Once you've fought your way through the process, the basic OPNsense framework of OPNids is ready for action. Additionally, the Dragonfly MLE-specific entries are immediately available in the web GUI, but for incomprehensible reasons they are disabled in OPNids in the default installation, so you have to enable them first. You also has to remember to define the port on the machine running OPNids as a mirror port on the switch; otherwise, OPNids will not see all the packets in its environment.
Annoyingly, although OPNids integrates Dragonfly MLE, you still have to configure central settings like teaming up Suricata and Dragonfly MLE manually. This process simply feels as if the OPNids developers have not completed their work (Figure 5).

Uncertain Future?
This awkward impression is also backed by something that came to light during working on this article: The OPNids website [8] suddenly disappeared from the web. When called up at press time, all I got back was a Connection Refused, which cannot be the result of a lack of popularity for OPNids, because many other sites link to it. This made me suspect that the overhead of maintaining what is in part an OPNsense fork is simply too much for the OPNids developers. Although diversity is one of the key factors in the FL/OSS world, sometimes it makes more sense to join forces than to do your own thing.
The amount of work that an admin has to invest to use OPNids in a meaningful way by far exceeds the effort needed to configure Suricata and OPNids manually on an off-the-shelf Linux system. Also, the GUI, which takes care of the Suricata and Dragonfly MLE configuration in OPNids, is missing, although it only really helps you with OPNids for Suricata.
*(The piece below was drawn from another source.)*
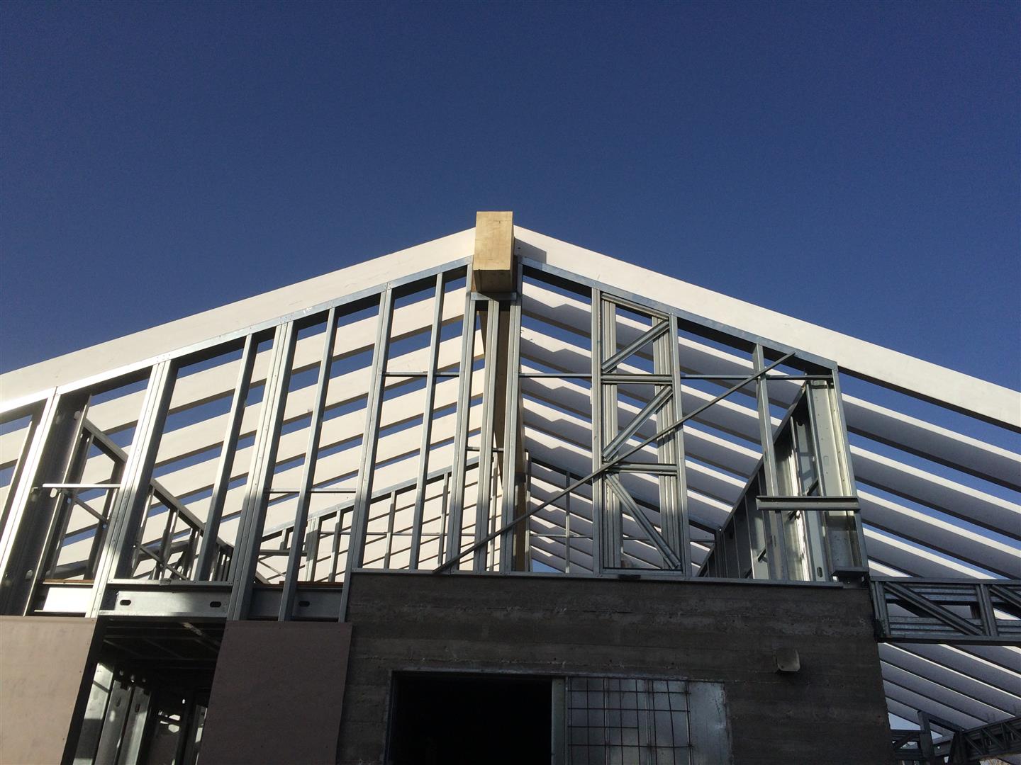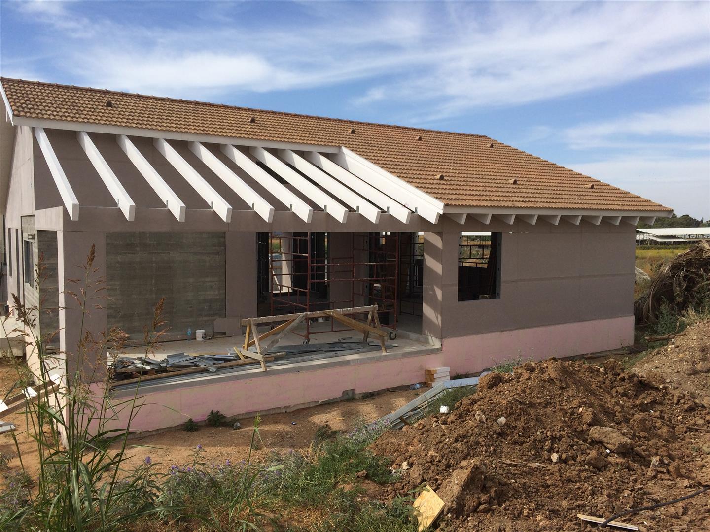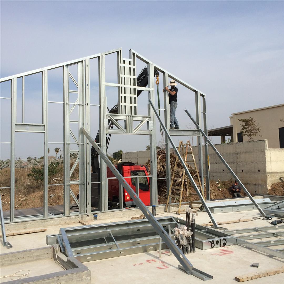 לאחר שכל השלד עומד ומפולס וקורות יסוד מבודדות, מתחילים עם הרכבת הגג והשכבה הראשונה של החיפוי החיצוני (חתך קיר (מבפנים החוצה) של 2 פלטות גבס 12.5 מ"מ - ניצבי פלדה וביניהם 150 מ"מ צמר אדמה מירלי - פלטה צמנטית (וילהבורד) בעובי 6.5 מ"מ - יריעת חסם אדים - לטות עץ 50X40 - פלאנקים צמנטיים בעובי 14מ"מ)
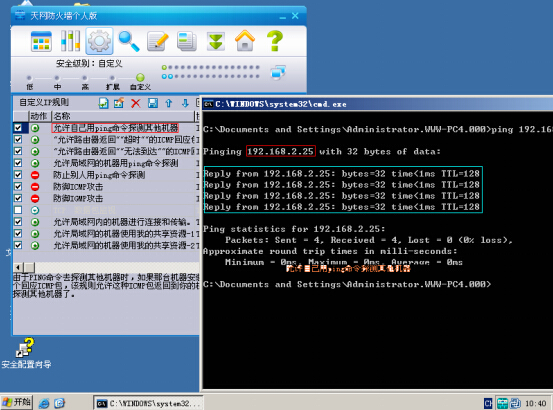 通過以上內容的學習,實際操作天網防火墻的設置,并對其有了深入的了解,接著通過禁止局域網用戶使用PING命令對本機進行嗅探;禁止本地QQ登錄及應用;禁止本地用戶使用PING命令三個小實驗進行鞏固知識點,通過這一軟件了解網絡防火墻的作用。

The part that deals with Dragonfly MLE, on the other hand, offers little added value. Whether you type the names of Suricata logfiles to be monitored in a configuration file or a path box in the web interface doesn't matter in the end. The Suricata in OPNids is a standard configuration – you could even set automatically where the EVE log resides and how Dragonfly MLE can access it. Instead, the OPNids interface forces you into a bout of pointless mouse pushing.
Dragonfly MLE is still under active development, but the last commit in the OPNids GitHub repo was quite a while ago. I can't rule out hearing the OPNids swan song some time soon. Given the current state of the project, this would not be a tragedy either.
Conclusions
The idea of automatically detecting attacks on the basis of various factors and rating them with a points system seems clever and makes a lot of sense. If it works for SpamAssassin, for example, it can also be applied to an IDS: The patterns of incoming traffic have certain characteristics, so the probability that something undesirable is lurking out there increases. If you train an engine for IDS rules to recognize these patterns and adapt its heuristics in a meaningful way, it can actually detect attacks autonomously.
Dragonfly MLE was explicitly designed for use with Suricata, which means that its developers have undoubtedly put their money on the best horse in the open source IDS systems stable. Combined with OPNids, however, it is not very exciting. OPNids seems more dead than alive. It remains to be seen whether it really makes sense to use a half-baked fork of a well-functioning solution in the production environment of a setup. Most admins would intuitively say no to this question anyway.
Luckily, Dragonfly MLE development is still ongoing, and if you run Suricata and the MLE on Linux, you get a functional combination for automatic threat detection, and it is precisely what I would advise you to do at the end of the day. OPNids is certainly a neat idea, but it is currently not possible to use it in a meaningful way.